I find it funny that Two Shell is often characterized as “hyperpop” (or some synonym of “hyperpop-tinged”) because the tag doesn’t really fit, whether you’re talking about the SOPHIE genus of capital-H HYPERPOP or the more lawless, rap-infected digicore scene. This is pure electronic music, without any inane quotables or incendiary drops or even a coherent vocal presence. It’s fast and intense but the instrumental scaffolding is totally seamless, so tightly programmed and tastefully haywire you almost long for it to suddenly crash and disintegrate a la Jane Remover’s “52 Blue Mondays”—give us some real havoc! Still, listening to this carefully controlled chaos offers its own pleasures. It’s almost like a very busy strain of ambient.
#19 - Luci4 - “ON GANG”
Sigilkore’s typical instrumentals are torn-up, desiccated wastelands of synth and bass that perfectly match the subgenre’s unearthly vocal styles: sibilating, snarling, purring demonically. But in a weird twist, Luci4’s hardest song this year may be one of his most unnervingly mellow. “ON GANG” is evil elevator music; Luci4 rewires a lethargic sample into a sleazy, smooth beat and then fiendishly hisses over it like a dementor blowing smoke in your ears.
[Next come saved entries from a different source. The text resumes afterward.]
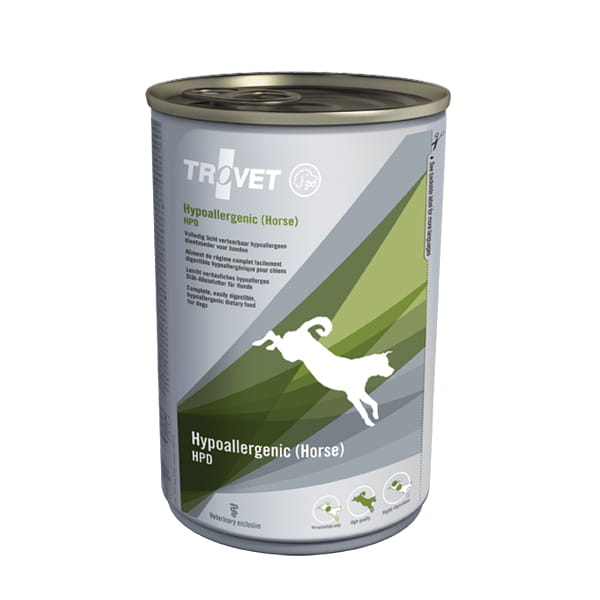 Dieta Trovet HPD jest pokarmem pełnoporcjowym przygotowanym z produktów najwyższej jakości, o których wiadomo, że nie powodują alergii pokarmowej. Wysokiej jakości mięso konia jest jedynym źródłem białka, natomiast węglowodany pochodzą wyłącznie z ziemniaków. Dieta nie zawiera produktów mlecznych, glutenu, laktozy, które mogą być przyczyną nietolerancji pokarmowej.
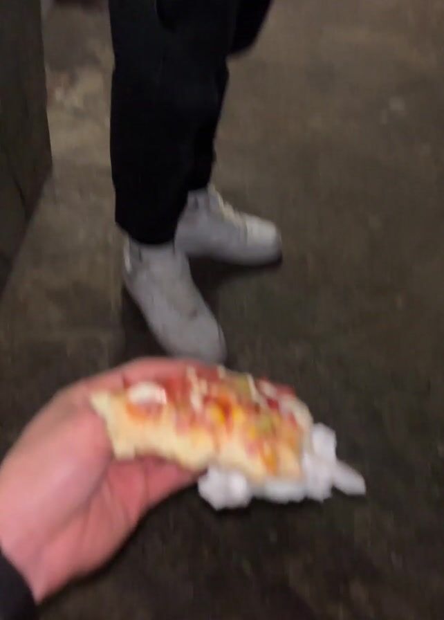 The video begins with a first-person view of someone holding a slice of pizza on a napkin
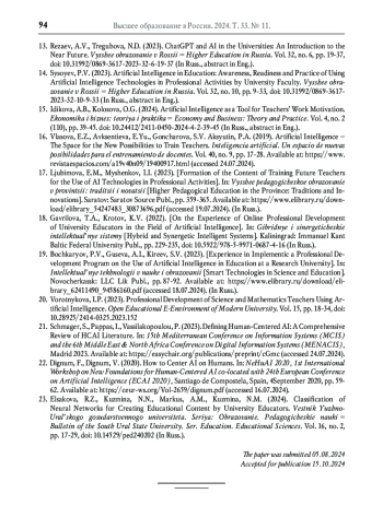 17. Любимова Е.М., Мышенков И.И. Формирование содержания подготовки будущих учителей к применению технологий искусственного интеллекта в профессиональной деятельности // Высшее педагогическое образование в провинции: традиции и новации. Саратов: Изд-во “Саратовский источник”, 2023. С. 359-365. EDN: SJMTAP
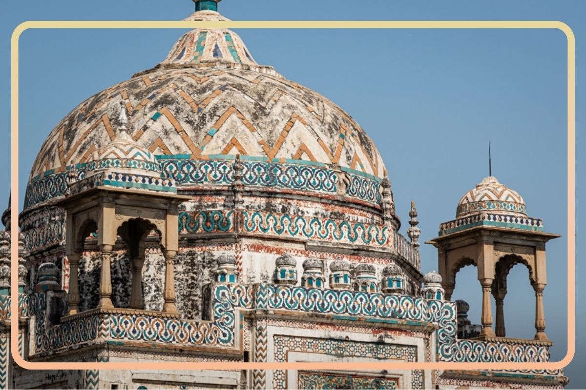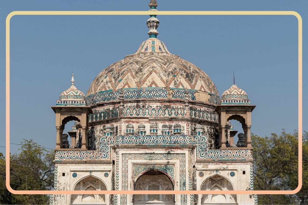 The tomb itself speaks a language that mixes Islamic tradition with Indian sensibility, creating something that belongs to neither culture in its entirety and to both in equal measure. Built in the Indo-Islamic style that flourished under late Mughal influence, the main structure rises from a square platform, supporting a single dome flanked by four small chhatris at the corners, each like a miniature pavilion reaching toward the sky. Every side of the building shows three arched openings, with the central arch rising slightly higher than its neighbours.
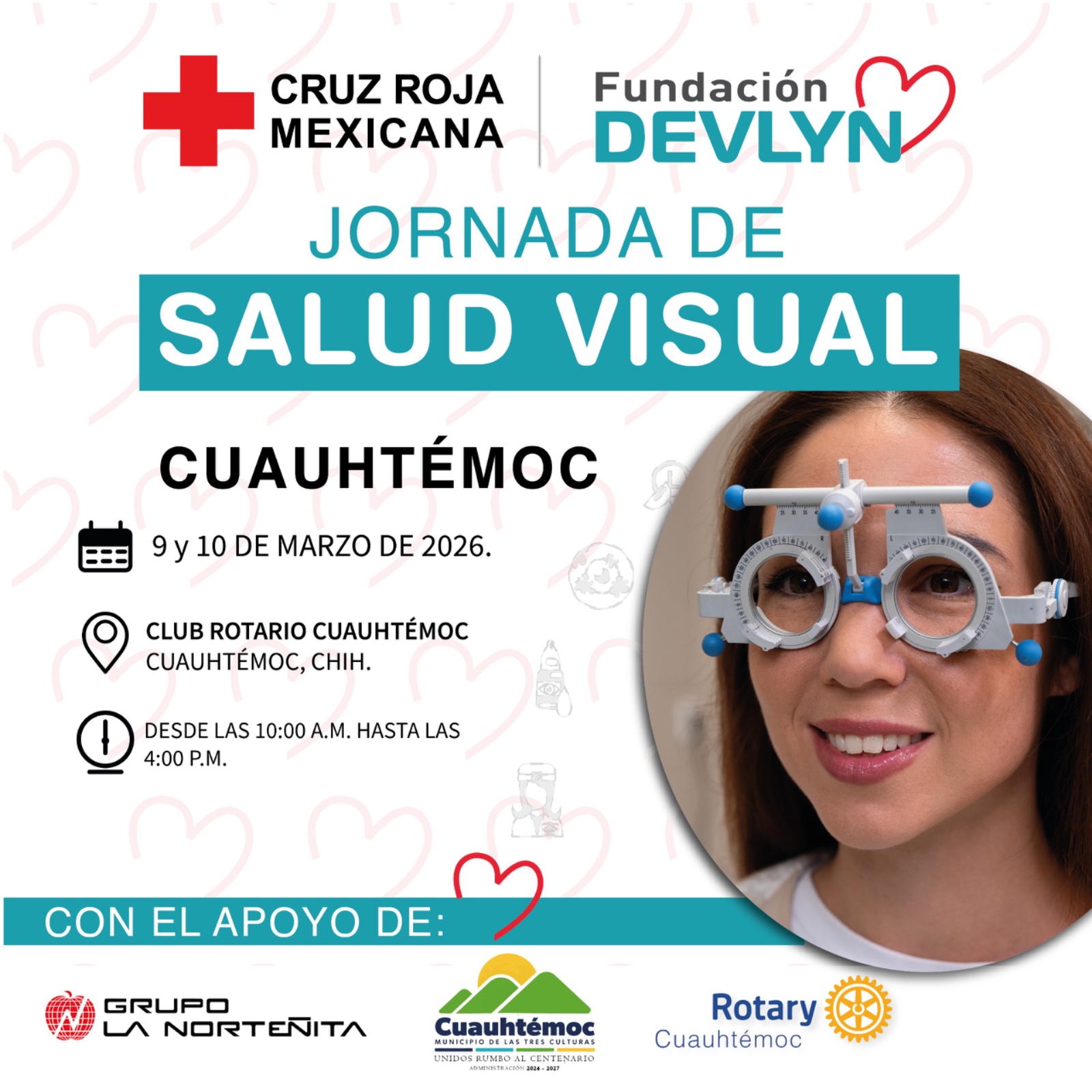 Cuauhtémoc.- Jornada de Salud Visual en Cuauhtémoc los días 9 y 10 de marzo de 2026, en las instalaciones del Club Rotario Cuauhtémoc, en un horario de 10:00 a.m. a 4:00 p.m.
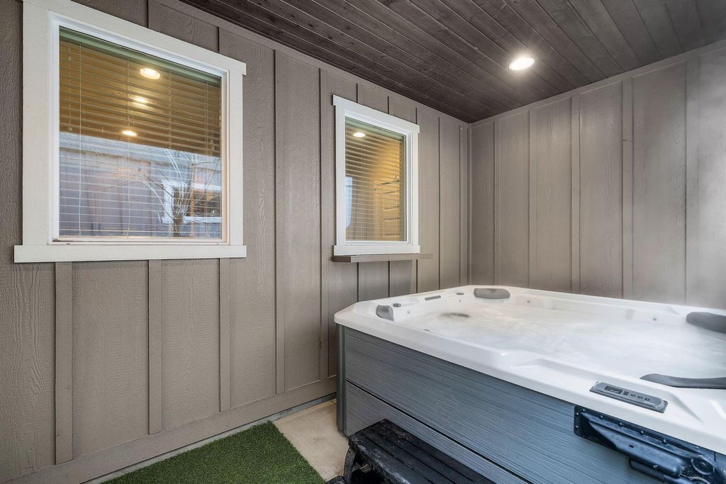 Built in 2014, this well-constructed home features high-end finishes including slab quartz countertops, LVP flooring, an open floor plan, and 9' ceilings on the main level. The spacious kitchen, dining, and living areas flow seamlessly, while upstairs offers a vaulted-ceiling primary suite and two additional bedrooms. Quality construction includes double-wall design and reclaimed wood accents, with covered front and side patios ideal for outdoor living. The garage is wired for electric vehicle charging, the hot tub is included, all just minutes from parks, trails, shopping, and dining.
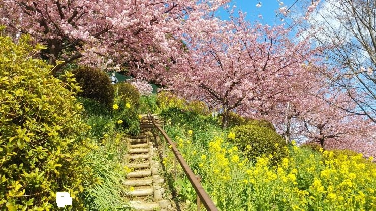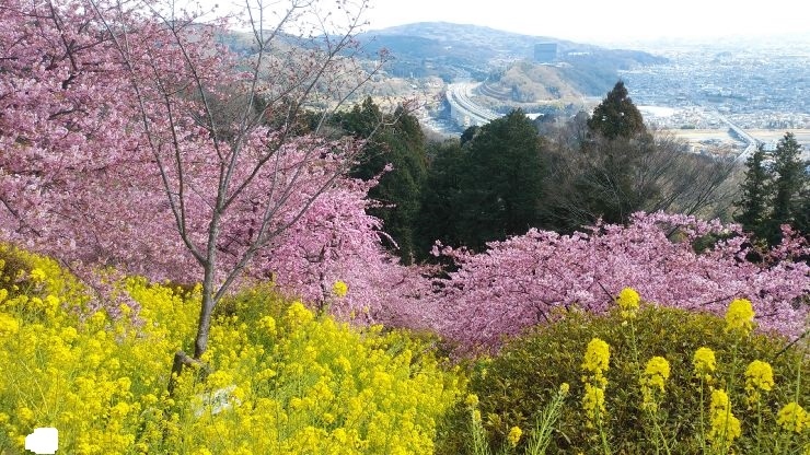 毎年2月から3月にかけて松田町西平畑公園で催されるイベント。約360本の河津桜が公園の斜面をピンク色に染める。菜の花も同時に見ごろを迎えているので、色彩が豊かな風景に感動した。
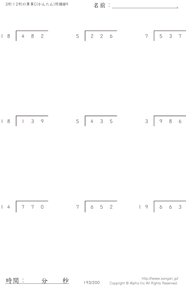 3桁÷2桁の筆算0(20までの数値で割る)@9 [問題]193/200
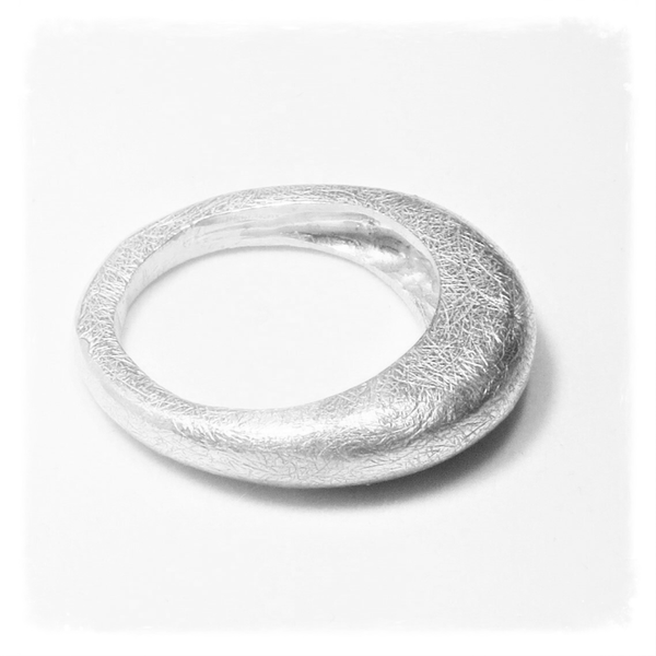 Ovalen ring, versmalde koepelvorm aflopend van 5 mm breed tot 2 mm onderaan de scheen.

When Luci4 started racking up hits repeatedly on TikTok in 2021, there were lots of questions: Would sigilkore reach the mainstream? Would his music change with more spotlight? For the most part, nothing has really altered; sigilkore is almost entirely underground, confined to the deep recesses of SoundCloud, and Luci4 is still experimenting, spewing uncategorizable loosies into the digital ether. Sigilkore has splintered in myriad angles—there’s the trance-inducing electronics of rachyl and kaystrueno, the dirty rawness of aghast and lungskull, the glitch-incinerated mayhem of lecie and universe. Yet even as the sound expands its boundaries, the scene continues to revolve around key innovators like Luci4, who has unleashed a torrent of wild tracks this year from seething susurrations to bitcrushed mixes. I would take an entire tape of ambient terrorscapes like “ON GANG,” but I also doubt he’s ever going to make a song like it again. Luci4 is restless and impossible to predict. There still aren’t any real interviews with him. Who knows where the hell he’s going next.
#18 - Harto Falión - "{*______* }" (prod. evilgiane, whitearmor, gud)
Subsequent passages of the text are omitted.